Senator James Paterson claimed the Albanese government had cut funding for border protection in May.(ABC News)

But then-home affairs secretary Mike Pezzullo told him this should not be interpreted as a "cut" or a "planned reduction".

Mr Pezzullo explained the actual funding for Operation Sovereign Borders was determined by ministers one year ahead based on need, which meant figures three years ahead were not meaningful.

"What happens at every MYEFO … and I've been confident and lucky nine times over with four treasurers – is there's an adjustment made to Operation Sovereign Borders," he said.

"Governments always, in my experience, consider very carefully propositions that come forward to shore up and reinforce the Border Force's maritime capabilities … I could go back over 10 budgets, whether it's Treasurer Hockey or Treasurer Morrison or Treasurer Frydenberg, and the estimate beyond the immediate appropriation year [is lower]."

In other words, the budget always makes it look like a cut is coming, but it never does, because the Border Force ultimately gets what it says it needs from Coalition and Labor governments alike.

(Mr Pezzullo was sacked last year after the revelation of texts he exchanged with a Liberal party operative.)

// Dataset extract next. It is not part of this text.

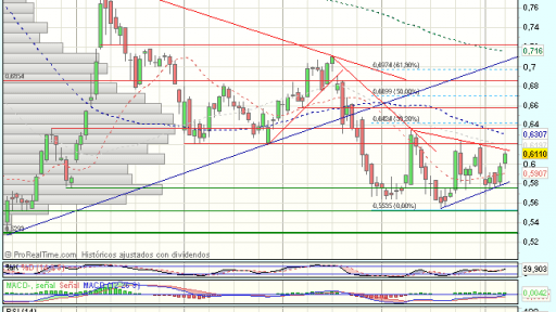 La tendencia del Banco Popular en el largo plazo es muy bajista, si bien, en el corto plazo, tras realizar una formación de doble suelo en el soporte de los 0,528 euros, intenta las alzas, que se han visto frenadas ante la resistencia en los 0,786 euros, dando lugar a un nuevo impulso bajista, que esta encontrando apoyos ante el soporte de los 0,55 euros, dibujando una formación triangular.

Mr Dutton has also suggested the government "suspended or cancelled surveillance flights".

In estimates last October, officials confirmed there had been a six per cent decrease in sea patrols and a 14 per cent decrease in air patrols undertaken by the Border Force this year compared to last year.

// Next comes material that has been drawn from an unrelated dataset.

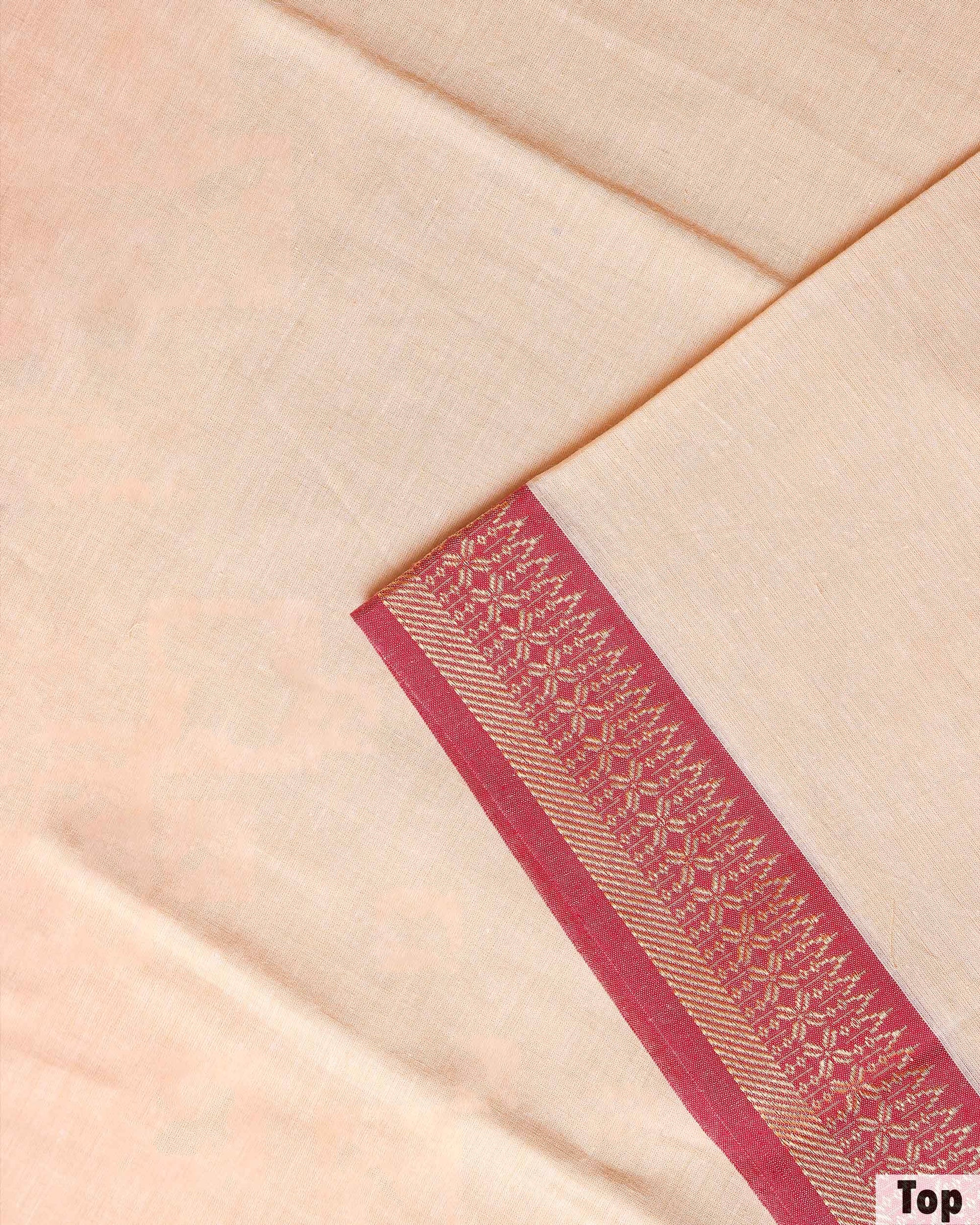 Women's Traditional Cotton Handloom Unstitched Salwar Suit Set Top 2.5m, Pant 2m, Dupatta 2.25m with Woven Red Border - Beige

But officials said this was due to pilot shortages, a spike in staff illnesses, and the growing maintenance requirements of an ageing fleet. They also noted the shortfall in Border Force patrols had been adequately mitigated with the help of Defence.

Australian Border Force officers interviewed the group of men who arrived in Western Australia on Friday.(ABC News: Andrew Seabourne)

Temporary visas

Mr Dutton's claim about visas relates to the government's abolition of Temporary Protection Visas.

These visas have no direct relevance to present-day boat arrivals – they were used for those who arrived prior to Operation Sovereign Borders in 2013 but had long since become obsolete. They would not have been used for last week's arrivals even if they still existed.

But Mr Dutton said the significance was symbolic. He argued it would allow people smugglers to convince desperate asylum seekers the risk of a journey was worth taking.

"The temporary protection visa is a very important part of telling those people who want to pay money in tragic circumstances to get on a boat, that they won't get a permanent outcome," he said.

"The people smugglers look at that and they package it up in a social media message on their Facebook pages and Twitter feeds, and they email it out to people that they know are willing to pay money to get and say, 'look … eventually in Australia, you'll get out into the community'. It's all that layer upon layer of weakness."

This vibes-based assessment is harder to quantify. It also cuts both ways.

In a statement on Friday, Rear Admiral Brett Sonter, the commander of Operation Sovereign Borders, said "alternate narratives" that portrayed Australia's policies as weak would themselves encourage people smugglers.

This clear allusion to the opposition has been picked up by the prime minister, who said Mr Dutton was himself "sending a message to people smugglers that he somehow is a cheer squad for them. The truth is, Operation Sovereign Borders has remained in place".